Il est certain qu’aucun parti politique n’obtiendra de majorité législative, ce qui obligera le prochain gouvernement à conclure des alliances pour faire passer ses projets de lois. Par ailleurs, ces résultats ont relancé les débats autour de la nécessité de la dissociation de l’élection présidentielle et de l’élection parlementaire, ainsi que l’élimination du vote préférentiel. Le vote préférentiel est accusé d’être un élément destructeur des partis politiques parce qu’il privilégierait le charisme des candidats sur leurs capacités comme « congressistes ». Les candidats les plus sérieux auraient de sérieuses difficultés pour concurrencer les charmes d’une belle femme ou l’éloquence d’un présentateur de télévision, créant ainsi une « incohérence » entre les partis et leurs représentants élus aux congrès. Nous ne prétendons pas entrer dans ce débat, mais il est vrai que les résultats du futur « congrès » amènent 99 individus - sur 136 – qui étaient auparavant totalement étrangers à la vie politique (par exemple, dans les trente six représentants de Lima on trouve quatre joueuses de volley, trois présentateurs télé (émissions sportives), mais aussi Kenji Fujimori élu à 30 ans , qui dès son premier essai obtient le plus grand nombre de votes, entre autres).

Il est certain qu’il faudra discuter des réformes politiques à mettre en place pour l’amélioration du modèle démocratique péruvien. Le Pérou - dans les sondages du latino baromètre – est le pays qui montre la plus faible satisfaction démocratique de la région, et cela en dépit du fait que le «vote » donne aux électeurs la possibilité de faire peser leurs attentes et besoins sur leurs élites politiques.
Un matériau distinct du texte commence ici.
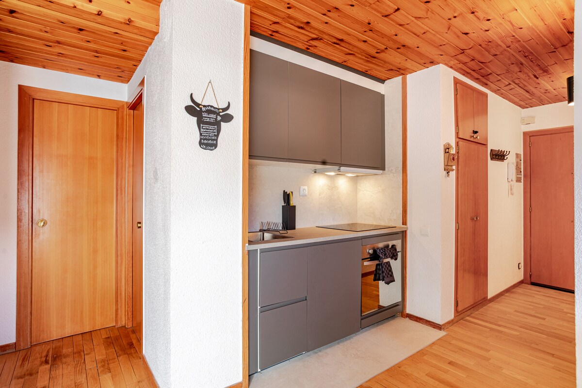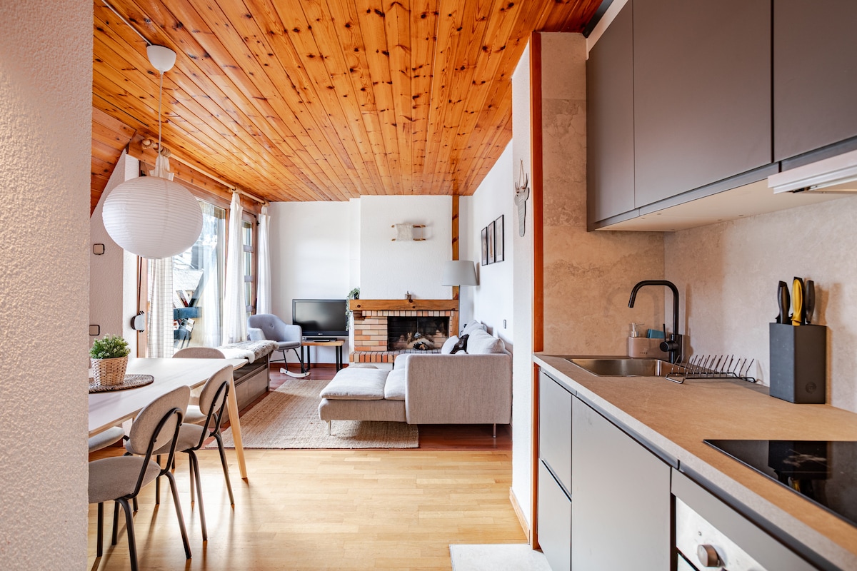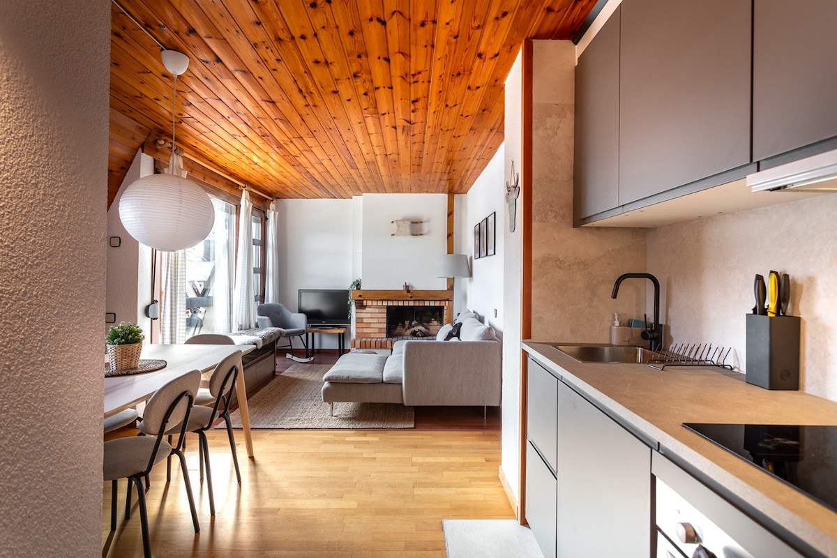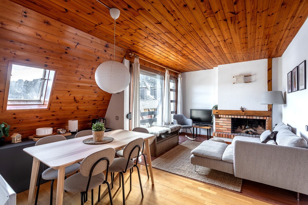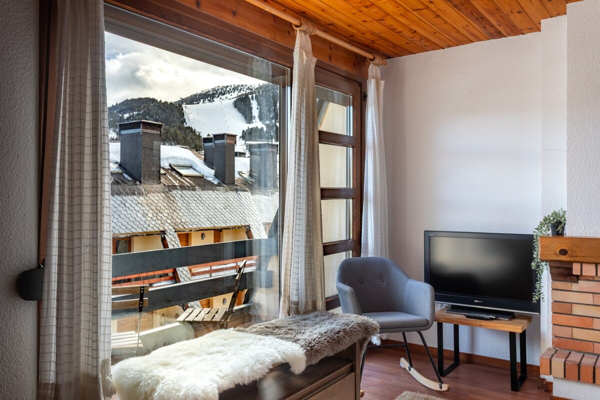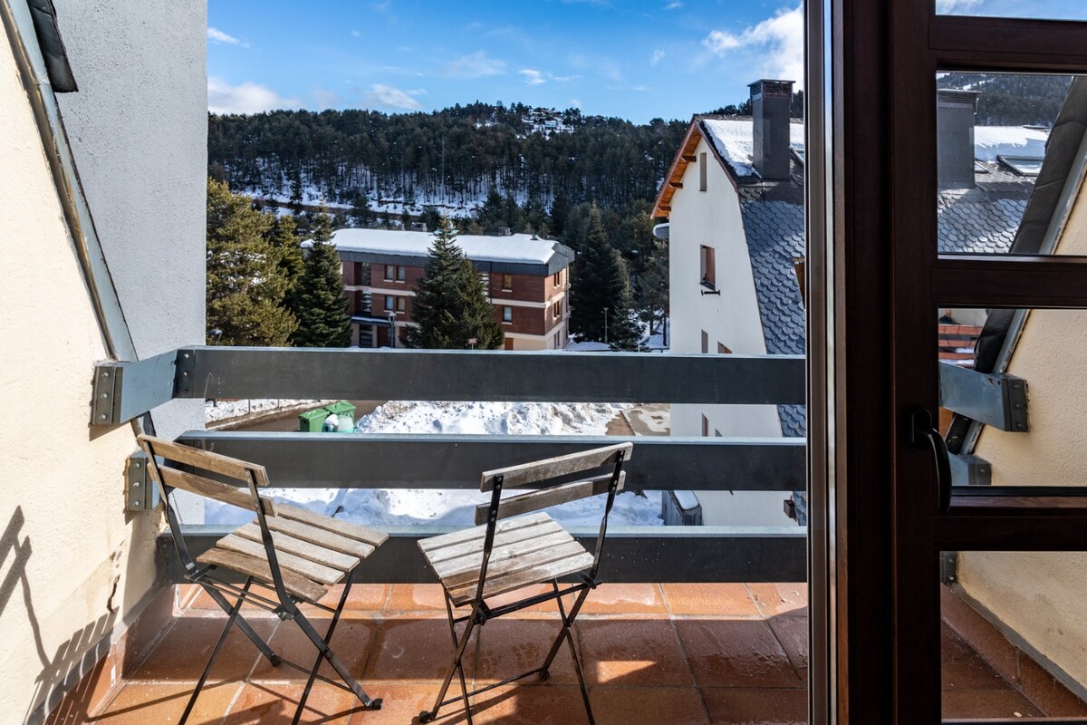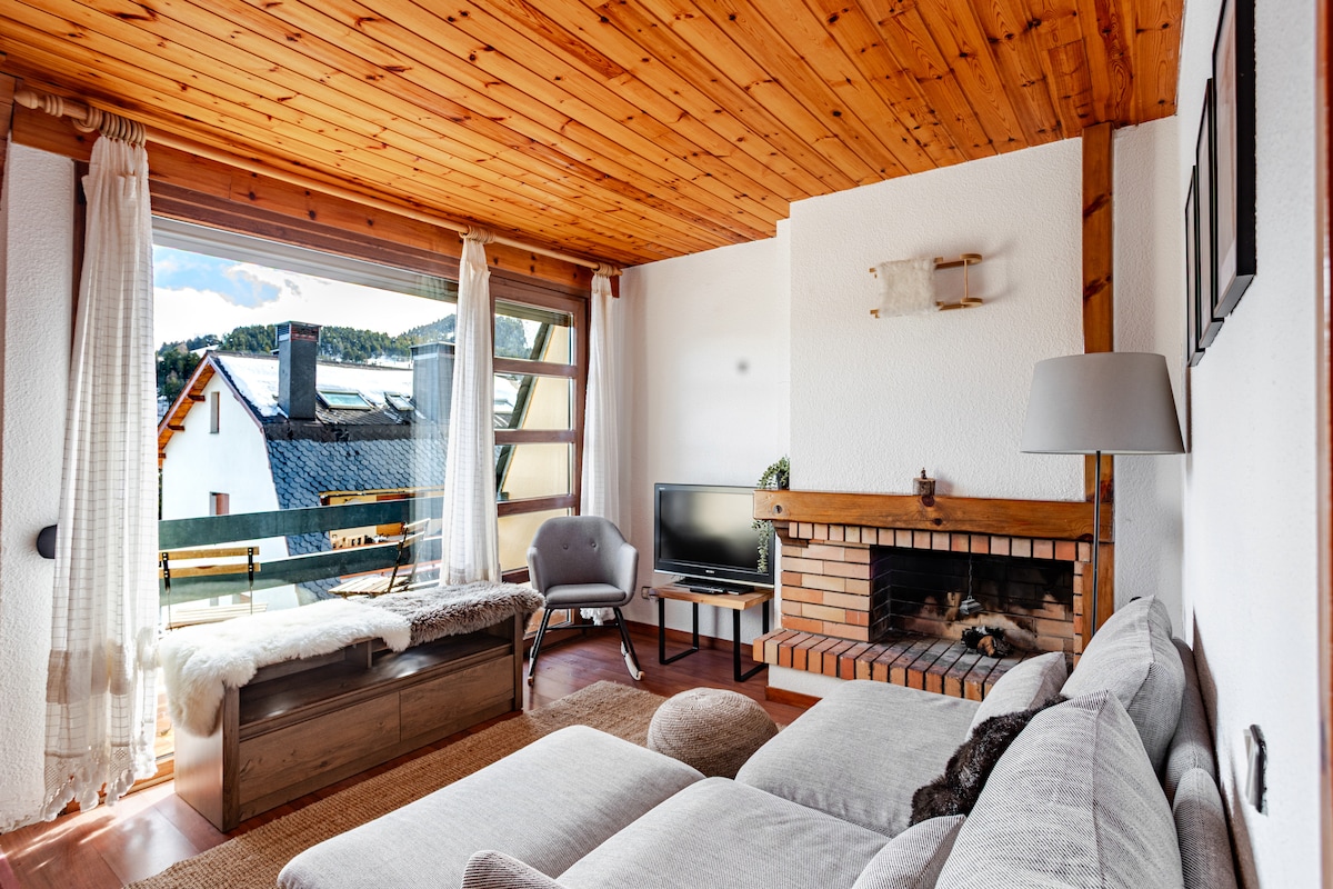 The spaceThe apartment is warm and comfortable, ideal for a mountain stay in La Molina. It has 3 bedrooms, one full bathroom, and a bright living area with an indoor fireplace. The kitchen is fully equipped and there is a washing machine, making it suitable for both short and longer stays. Guests can enjoy community WiFi and a private terrace with views of the mountains and ski slopes. The building also offers a dedicated ski storage area for guests. The apartment is located at the foot of the slopes, just a short walk to the ski lifts.

Les citoyens péruviens semblent souffrir actuellement d’une sorte de bipolarité politique par laquelle ils se montrent d’un côté extrêmement exigeants vis-à-vis de leurs autorités et de l’autre côté ils se retrouvent souvent à choisir le « moindre mal ». Effectivement, les réformes économiques néolibérales ont été mises en place depuis une vingtaine d’années, mais il y a un certain nombre de réformes politiques dits de seconde génération qui tardent à s’appliquer. Parmi elles se trouvent la réforme de la justice, la réforme du système de partis, la modernisation de l’Etat, la capacitation des fonctionnaires publiques, la reforme de l’éducation, etc. Ces réformes ont besoin d’être mises en place dans les prochaines années pour que la démocratie péruvienne puisse fonctionner mieux et puisse s’éloigner progressivement des démocraties mal constituées ou « corrompues » qui sont - comme nous le savons tous - toujours exposées à la menace des démagogues.